*** Material provided ***

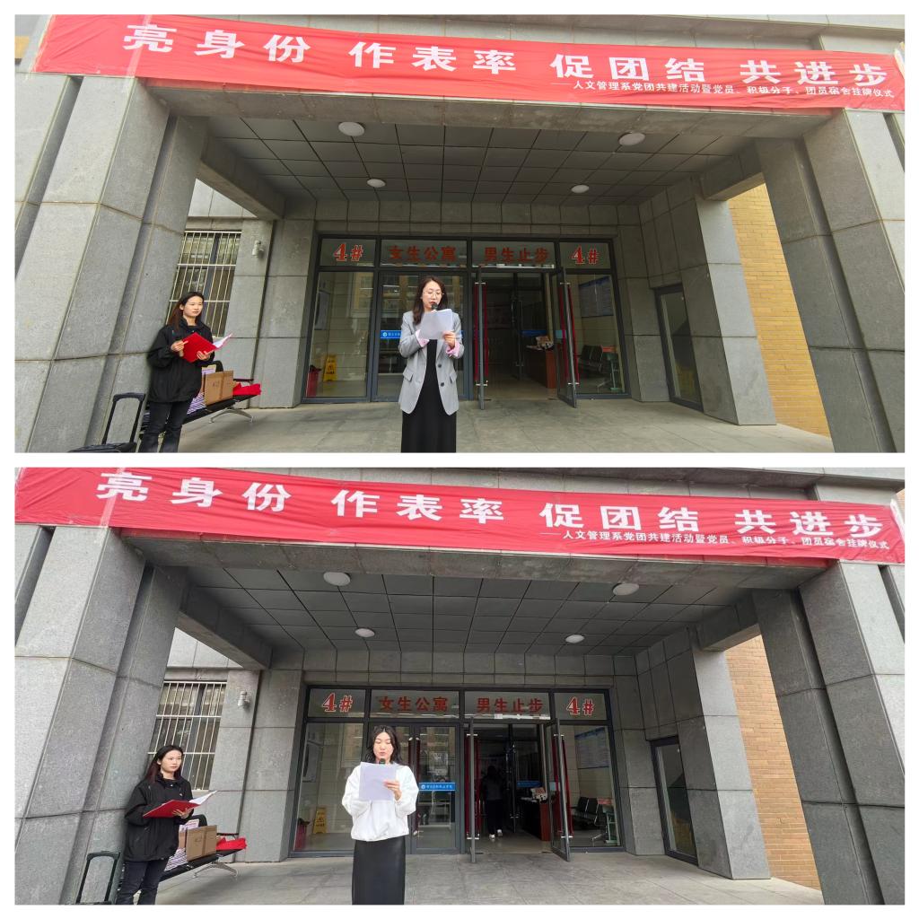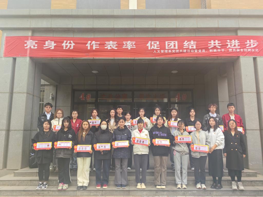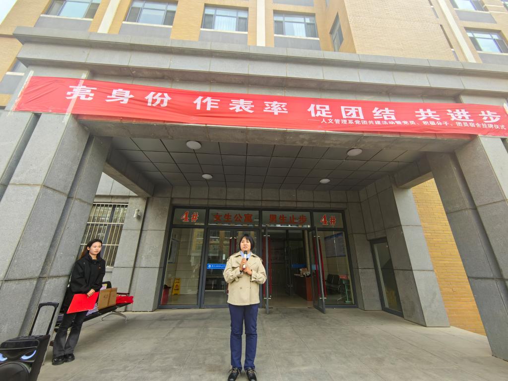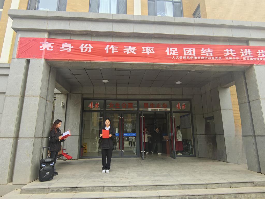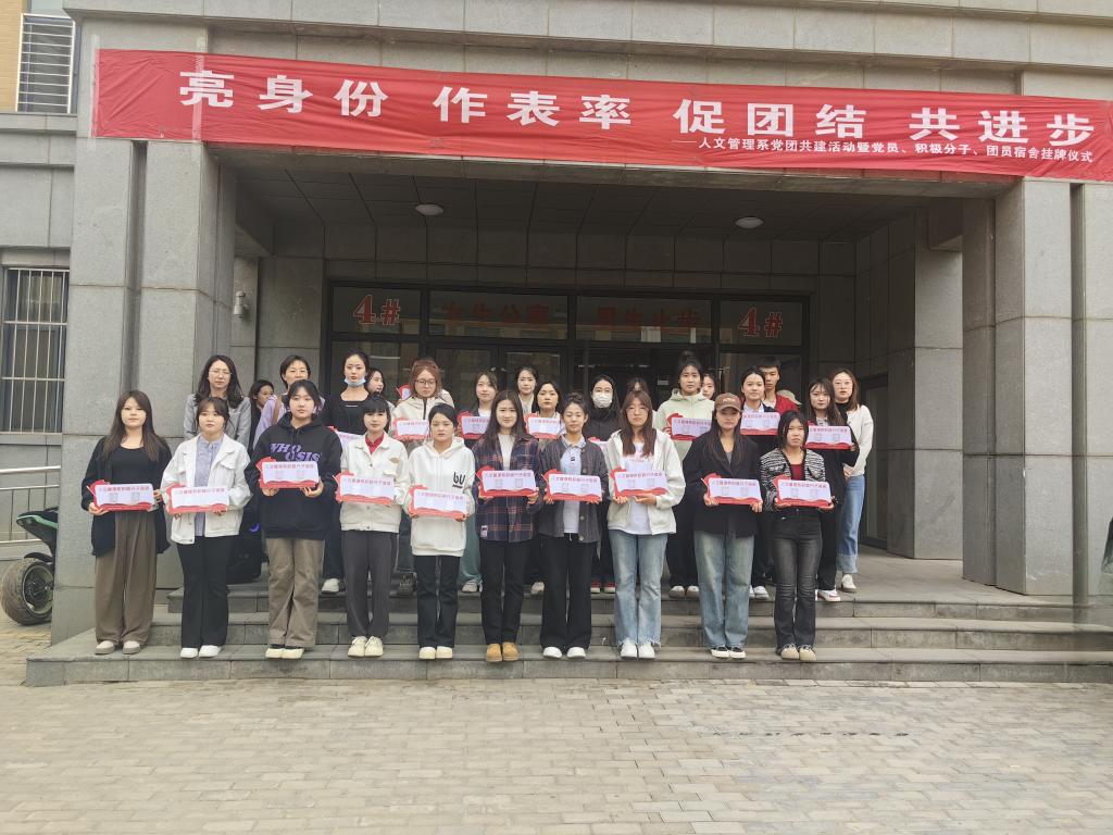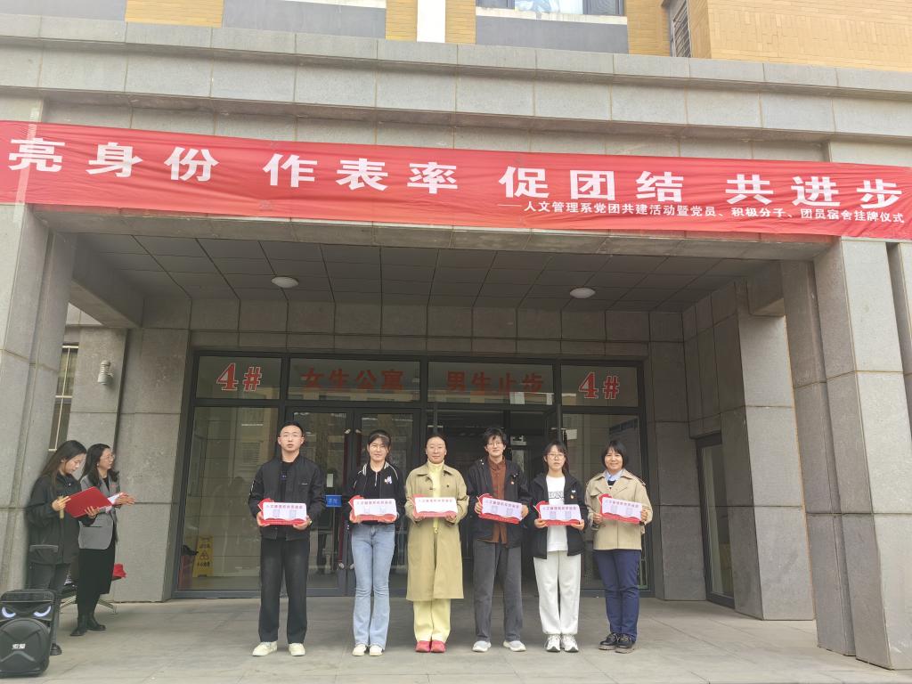为进一步推动党建进宿舍工作,扎实推进党建带团建、团建促党建工作走深走实,着力提升宿舍管理质量与宿舍文化建设水平,人文管理系充分发挥系部学生党员、入党积极分子及共青团员的模范带头与示范作用,2024年4月9日,系党总支学工支部联合系团总支开展“亮身份 作表率 促团结 共进步”学生党员、入党积极分子及共青团员宿舍挂牌仪式暨主题党日、团日活动。人文管理系党总支副书记高慧,学生与综合管理科副科长、学工支部书记段泳遥,人文管理系团总支书记孙诗嘉,人文管理系学工支部全体党员、积极分子及各班级团员与学生代表参与此次活动。
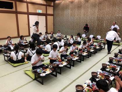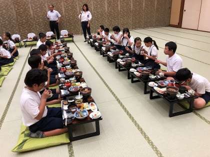 友と語り合いながら、目の前に並んだごちそうを夢中で食べています。
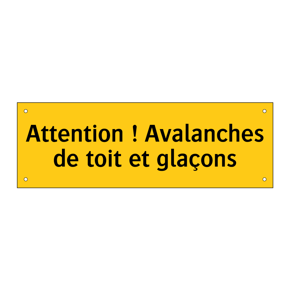 Ce panneau d'avertissement est essentiel pour assurer la sécurité dans les zones sujettes aux chutes de neige et de glace. Idéal pour être placé à proximité des bâtiments, il informe les passants des dangers potentiels liés aux avalanches de toit et aux glaçons. Ce panneau est particulièrement utile dans les régions montagneuses ou les zones urbaines où les toits accumulent facilement la neige. En installant ce panneau, vous contribuez à prévenir les accidents en alertant les piétons et les travailleurs des risques imminents. Sa couleur jaune vive et son texte noir garantissent une visibilité optimale, attirant immédiatement l'attention de tous.
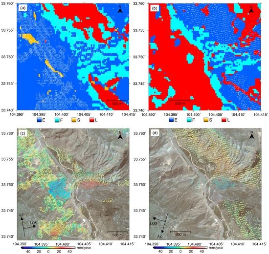 (a,b) locations of temporarily coherent points (TCPs) in Xieliupo region derived from ALOS ascending and ENVISAT descending results, respectively, which are superimposed on the corresponding geometric distortions. E: Resolution-Enhancing; F: Foreshortening; S: Shadow; L: Layover; (c,d) LOS deformation rates at the Xieliupo region estimated from ALOS ascending and ENVISAT descending datasets, respectively, which are superimposed on the optical image. AZ and LOS indicate the azimuth and the LOS directions, respectively.
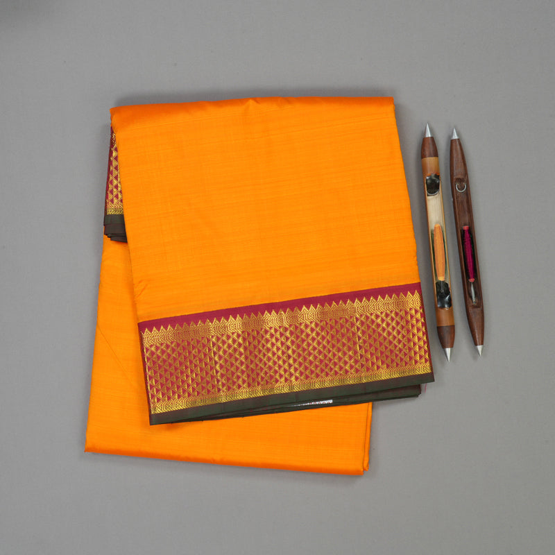 Embrace traditional vibrancy with this Pure ten yards silk saree, featuring a radiant mango orange body. The warm, glowing hue of the silk makes it an exceptional choice for grand weddings and auspicious ceremonies, offering a majestic presence that honours timeless South Indian heritage. Designed for the perfect Madisar drape, this saree combines luxurious comfort with a truly regal silhouette.
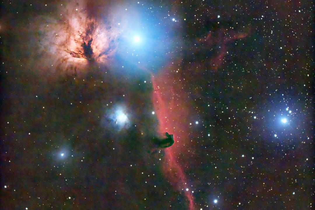 Flammennebel NGC 2024 mit Pferdekopfnebel IC 434 und Reflexionsnebel NGC 2023

***

### Exercise directions
The line with "友と語り合いながら、目の前に並んだごちそうを夢中で食べています。" marks the end: restate word for word every line from the top of the data through that one, omitting pictures.

### Exercise result
为进一步推动党建进宿舍工作,扎实推进党建带团建、团建促党建工作走深走实,着力提升宿舍管理质量与宿舍文化建设水平,人文管理系充分发挥系部学生党员、入党积极分子及共青团员的模范带头与示范作用,2024年4月9日,系党总支学工支部联合系团总支开展“亮身份 作表率 促团结 共进步”学生党员、入党积极分子及共青团员宿舍挂牌仪式暨主题党日、团日活动。人文管理系党总支副书记高慧,学生与综合管理科副科长、学工支部书记段泳遥,人文管理系团总支书记孙诗嘉,人文管理系学工支部全体党员、积极分子及各班级团员与学生代表参与此次活动。
 友と語り合いながら、目の前に並んだごちそうを夢中で食べています。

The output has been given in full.